[Input for this task — start]

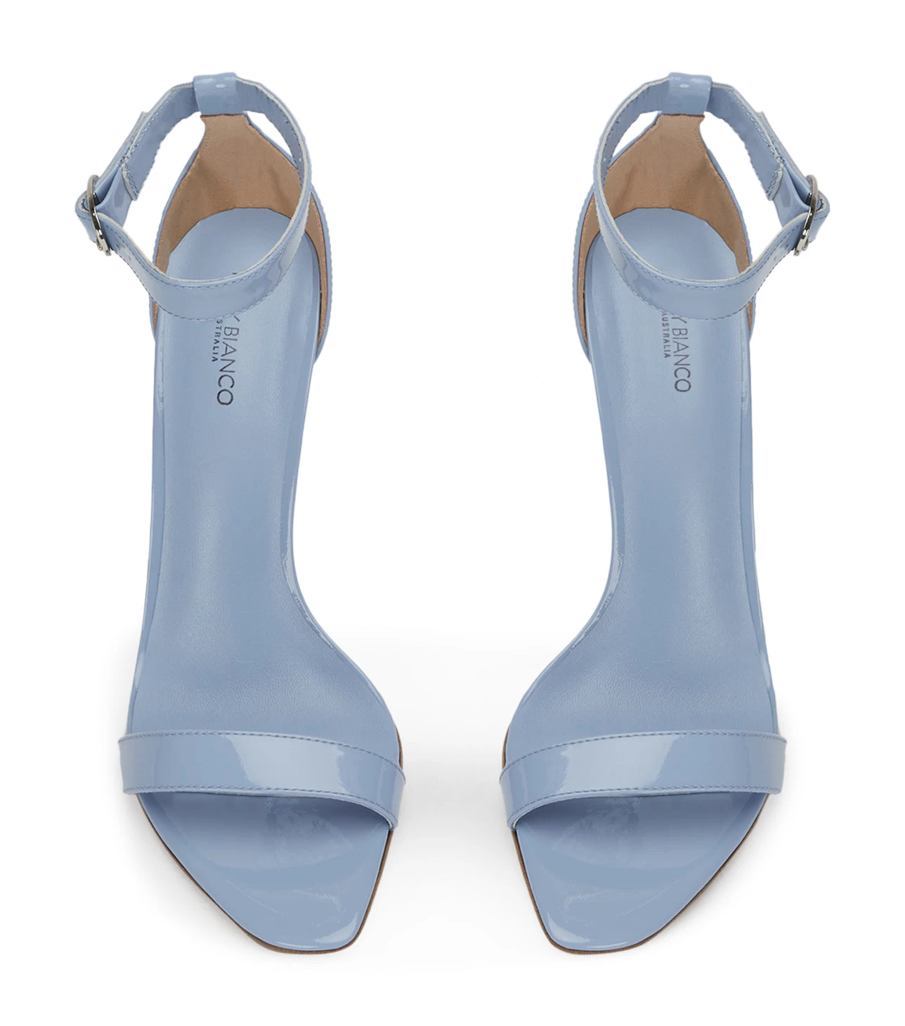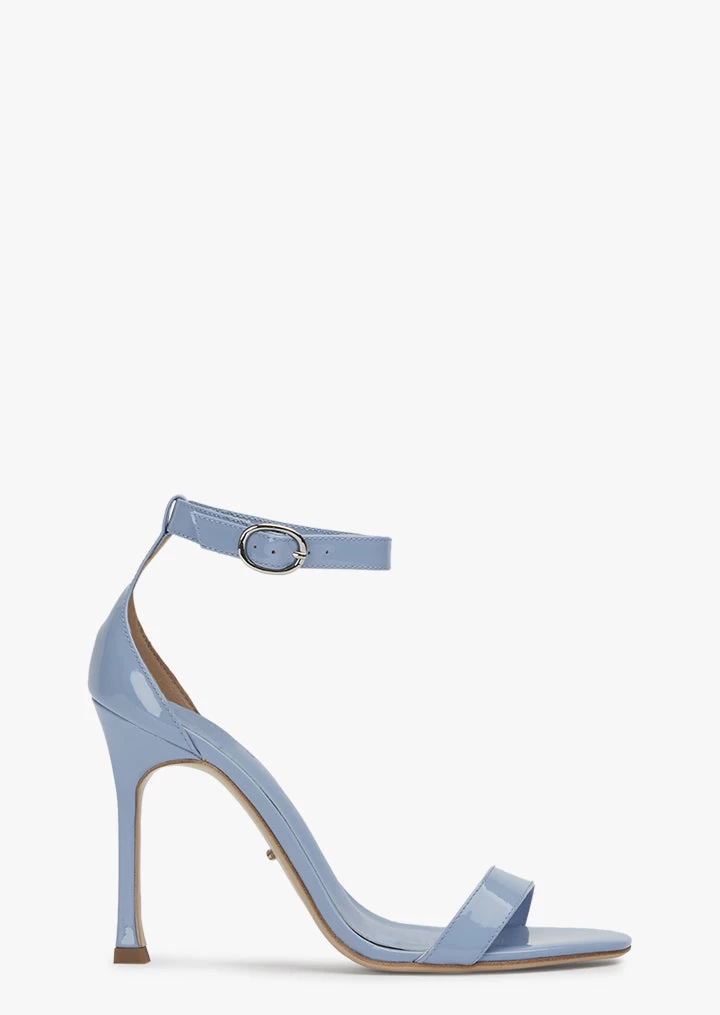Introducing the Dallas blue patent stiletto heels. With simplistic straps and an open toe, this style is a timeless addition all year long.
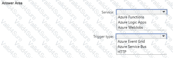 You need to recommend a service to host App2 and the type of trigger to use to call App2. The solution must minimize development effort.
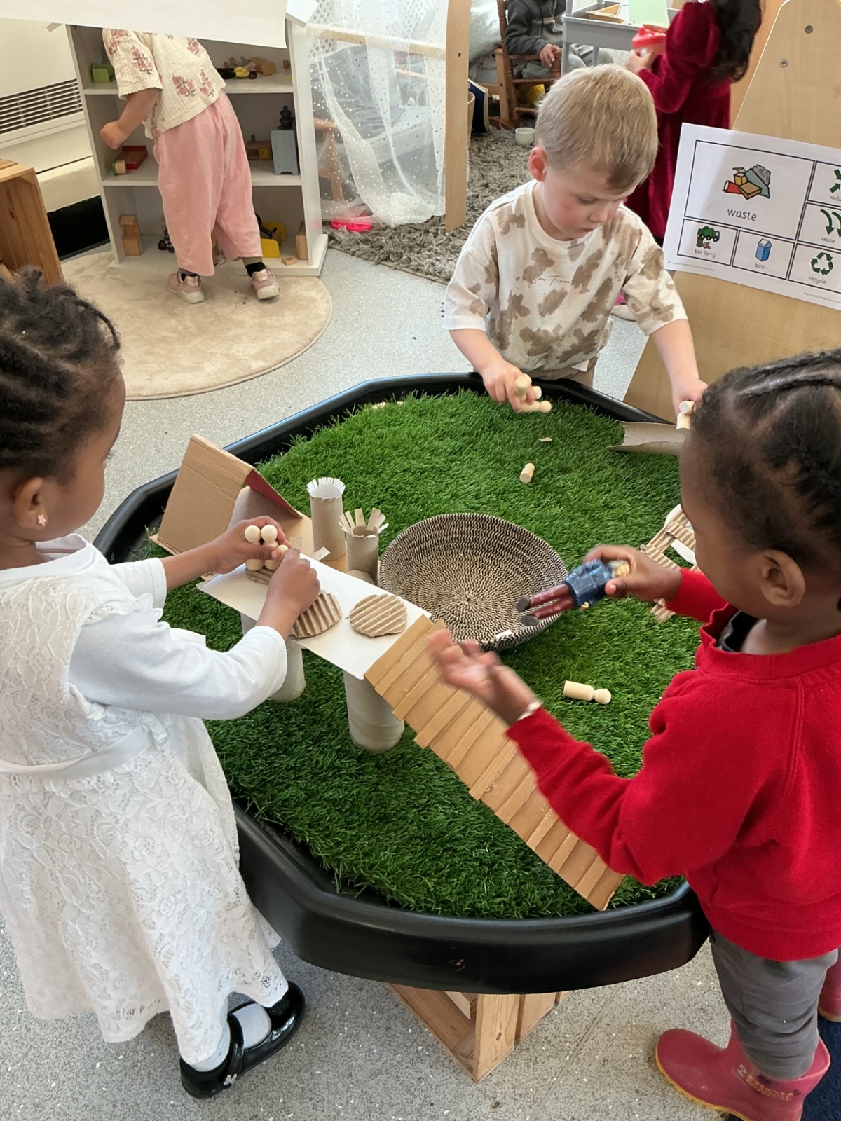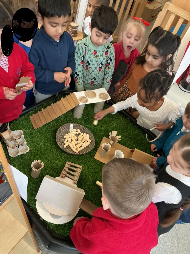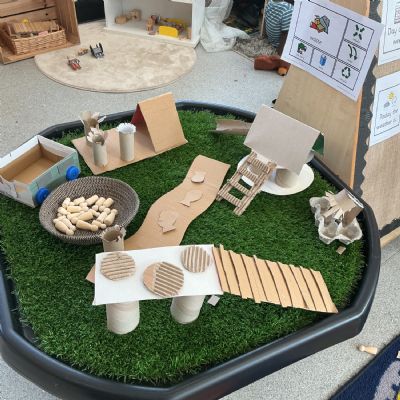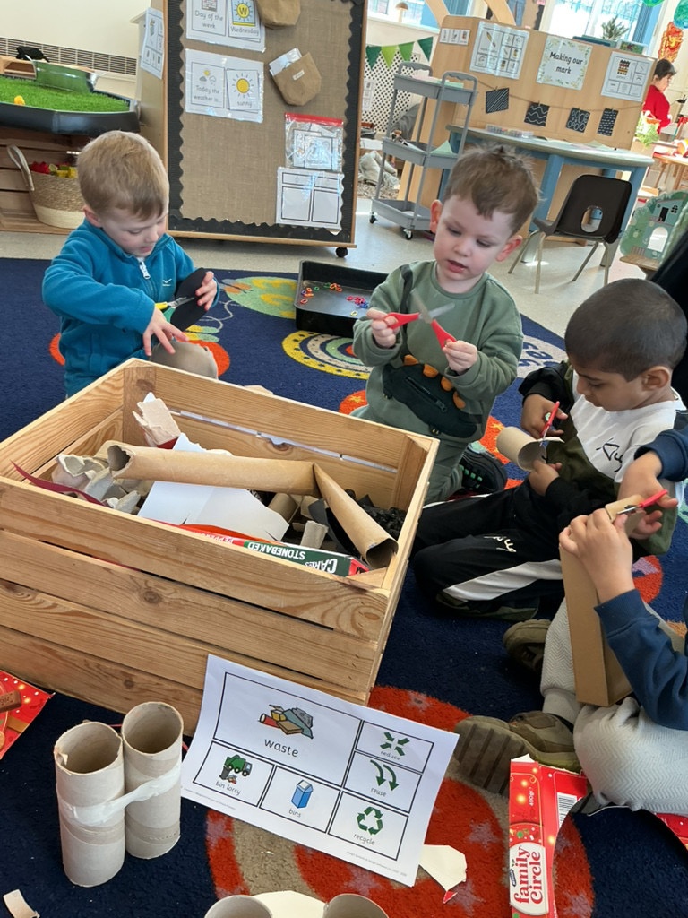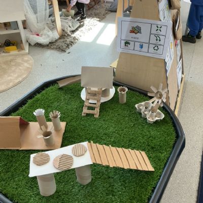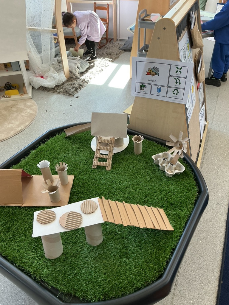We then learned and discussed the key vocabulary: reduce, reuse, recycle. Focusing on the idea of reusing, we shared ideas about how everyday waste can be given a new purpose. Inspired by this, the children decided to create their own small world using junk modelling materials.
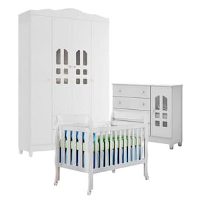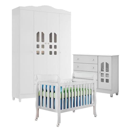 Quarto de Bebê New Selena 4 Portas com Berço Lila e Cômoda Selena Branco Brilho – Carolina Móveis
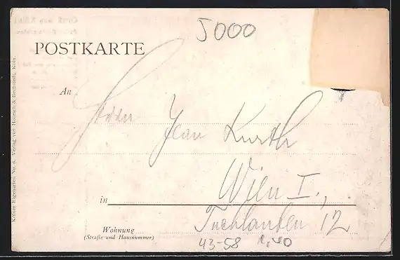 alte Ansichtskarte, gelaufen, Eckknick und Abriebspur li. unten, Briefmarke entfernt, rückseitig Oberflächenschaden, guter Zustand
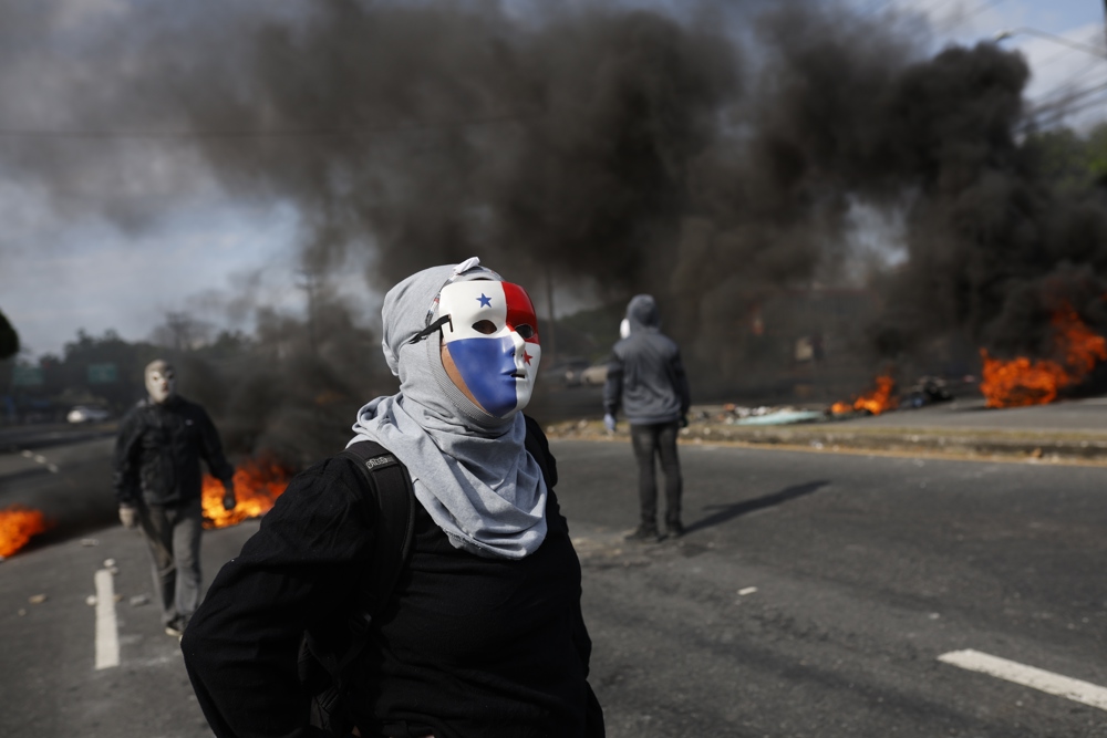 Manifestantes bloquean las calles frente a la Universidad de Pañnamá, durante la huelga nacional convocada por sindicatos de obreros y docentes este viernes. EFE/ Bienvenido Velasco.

[Input for this task — finish]

● The problem
Would you please print only the lines running from the one with "alte Ansichtskarte, gelaufen, Eckknick" to the final line of the entries above, exactly as written and without pictures?

● Task result
 alte Ansichtskarte, gelaufen, Eckknick und Abriebspur li. unten, Briefmarke entfernt, rückseitig Oberflächenschaden, guter Zustand
 Manifestantes bloquean las calles frente a la Universidad de Pañnamá, durante la huelga nacional convocada por sindicatos de obreros y docentes este viernes. EFE/ Bienvenido Velasco.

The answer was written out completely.